Article on how we are thinking about UI with agents doing more of the work based on future of UI RFC

Headline options

  • How to future proof your UI for agents
    • What is the job of UI when agents are doing more of the work?
  • UI is dying but your app can survive. Here's how.
  • Your app might be going headless, but you don't need to.
  • Your app is losing its head. Here's how to get ready.

Outline (optional)

  • A large number of people are using agents via MCP and CLI tools to interact with apps now. An increasing number.
    • Already for some of our products/features, a majority of usage is via agents.
    • This is the same with lots of companies including Salesforce.
  • This means if you are building UIs for people, you might be missing out on a significant portion of your user base.
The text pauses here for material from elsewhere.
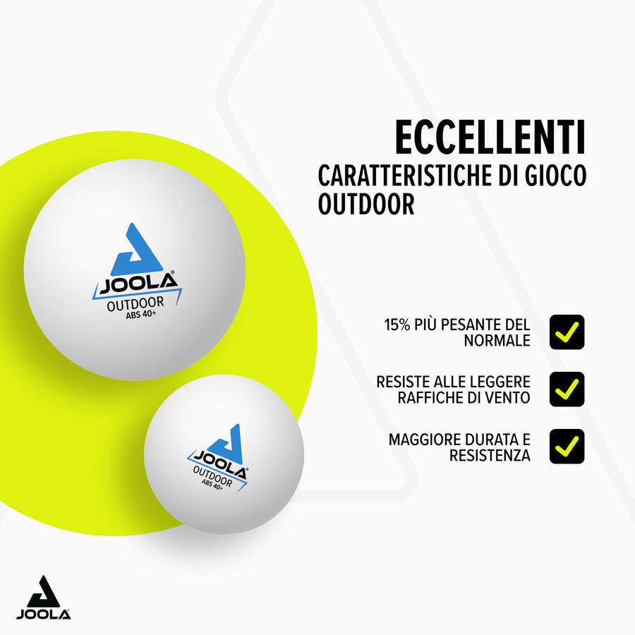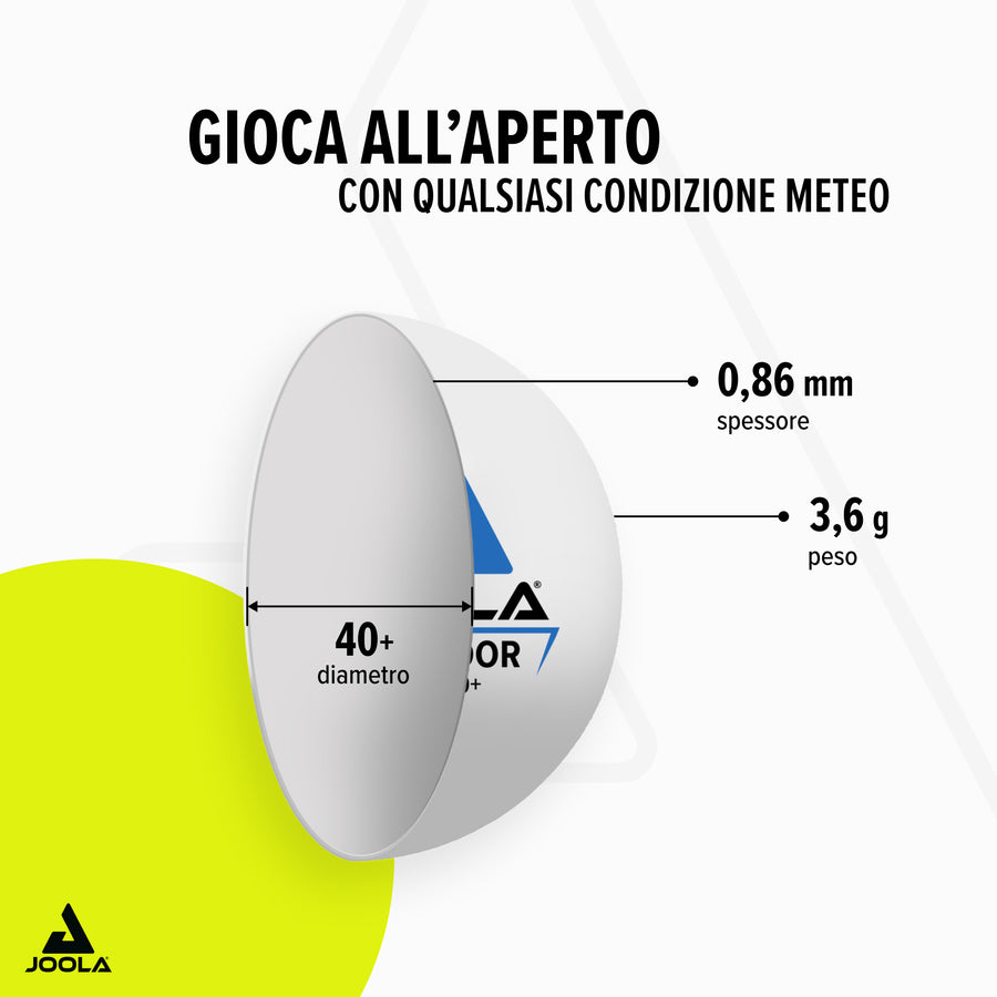 La pallina da tennis da tavolo JOOLA OUTDOOR è perfetta per avvincenti partite all'aperto. Grazie alle caratteristiche di gioco ottimizzate per l'uso outdoor, con un peso totale aumentato del 15%, è possibile ottenere scambi eccellenti anche con un leggero vento.

This UI will be increasingly less relevant. You may even miss the wave, you'll be busy writing 2025 software when you should be writing 2030 software.
  • We've already written about building agent-first products, but how does UI evolve? Here's how we're thinking about it.
  • We're having a sort of existential crisis about UI. What's it even good for if agents are doing all the work?
    • Is UI dead? Although some are advocating for it, no.
    • Text is the default for all of this as you can see by chatbots, Claude Code, etc. Build a UI when text is not sufficient.
    • Chat doesn't have affordances, it's not a good interface for learning what's possible (or what's not possible).
    • Text is not going to be the end state.
    • Signals is our solution to this, but other companies will have something else.
  • Right now, UIs are built primarily for doing, but agents will be doing more of that doing, so what are UIs going to be good for? "The four new jobs of UI"
    1. Understanding and trusting what agents are doing. A healthcheck. Code review. Monitoring, analytics. Prius dashboard.
    2. Give humans a way to store and share content. Don't regenerate a UI every time. Artifacts, dashboards, creations. Karpathy's custom GUI.
    3. Give context or ask for things from agents. Ephermeral. A conversation that does. A live channel where agents get back to work. Karpathy's autonomy sliders. Era of clicking buttons is over - Sierra guy.
    4. Focus humans where their input is actually needed. Ikea effect at the very least. Support tickets that need a response, inbox items that need decision, agents that need direction. Langchain agent inbox.
  • 3 + 4 are the new doing for people.
  • AI isn't killing UI, it's changing it. UI will let humans trust, steer, store, and direct the work agents are doing.
    • We're working towards self-driving software, but we're not there yet.
    • Ask yourself if it a screen does this.